Provided material.
--*--

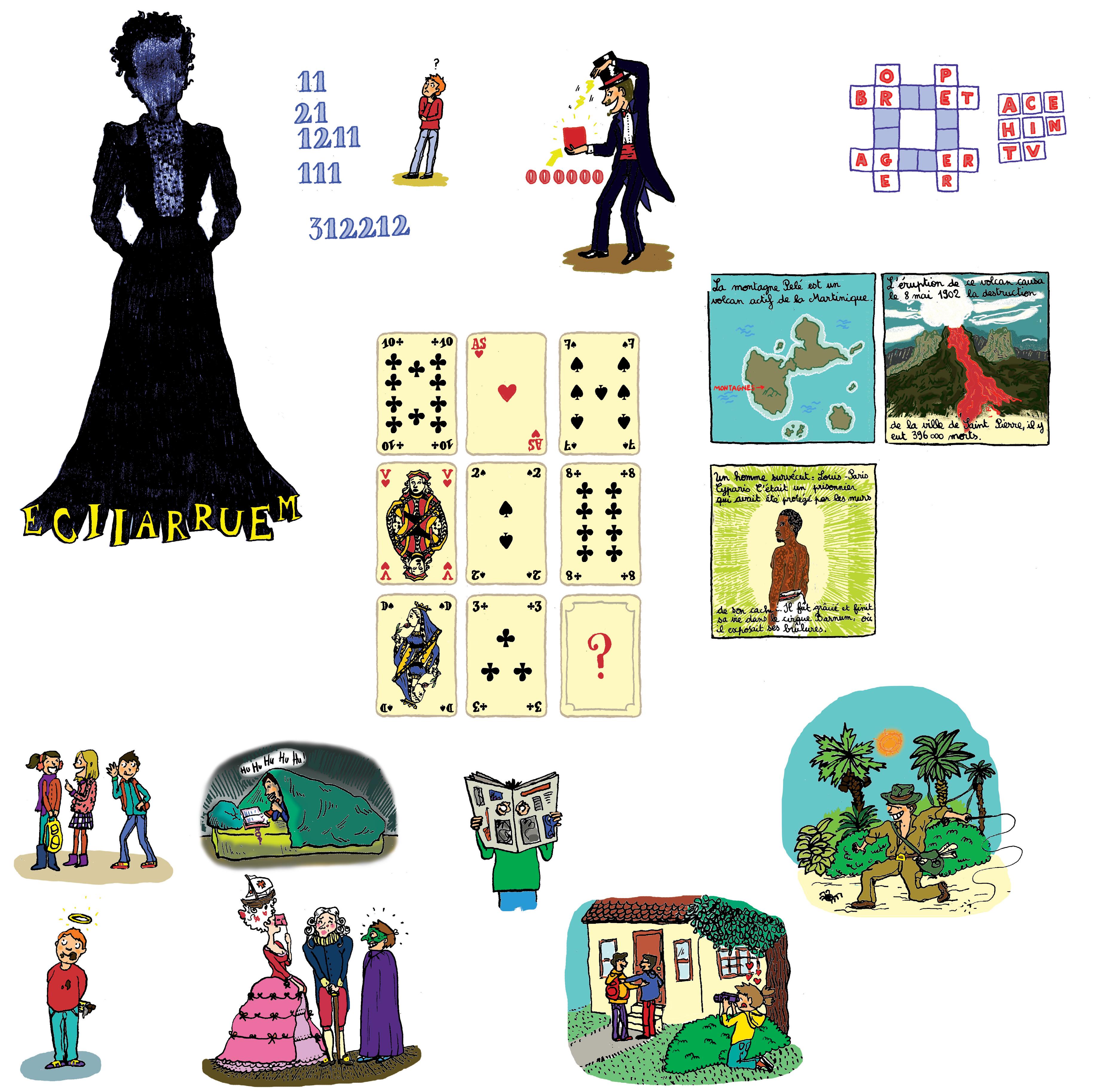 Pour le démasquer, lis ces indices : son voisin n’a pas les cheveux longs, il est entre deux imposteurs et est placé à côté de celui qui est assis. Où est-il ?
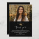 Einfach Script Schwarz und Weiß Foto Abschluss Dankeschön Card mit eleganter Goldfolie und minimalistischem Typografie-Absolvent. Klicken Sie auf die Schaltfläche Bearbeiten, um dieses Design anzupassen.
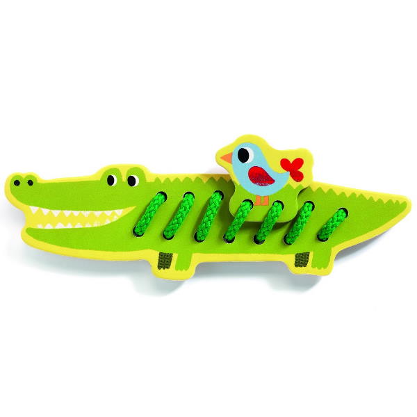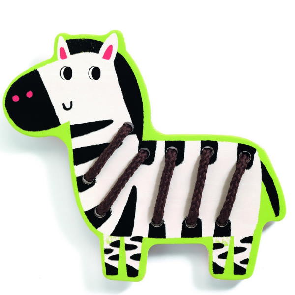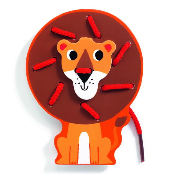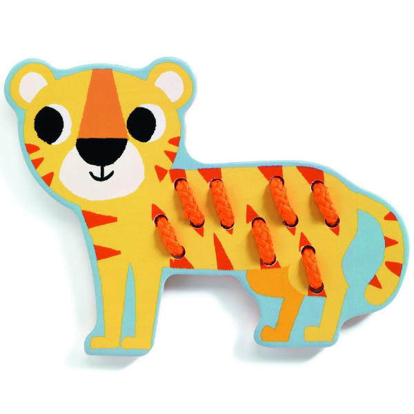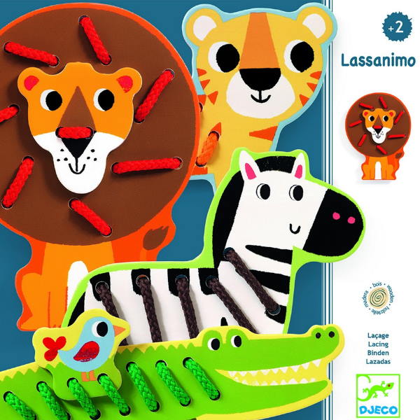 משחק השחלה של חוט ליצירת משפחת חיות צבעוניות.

--*--

About this task. Exact reproduction is required. Output only the lines from the one with "Einfach Script Schwarz" through the end of the listing above, both ends included, and no pictures.

Completed exercise.
 Einfach Script Schwarz und Weiß Foto Abschluss Dankeschön Card mit eleganter Goldfolie und minimalistischem Typografie-Absolvent. Klicken Sie auf die Schaltfläche Bearbeiten, um dieses Design anzupassen.
 משחק השחלה של חוט ליצירת משפחת חיות צבעוניות.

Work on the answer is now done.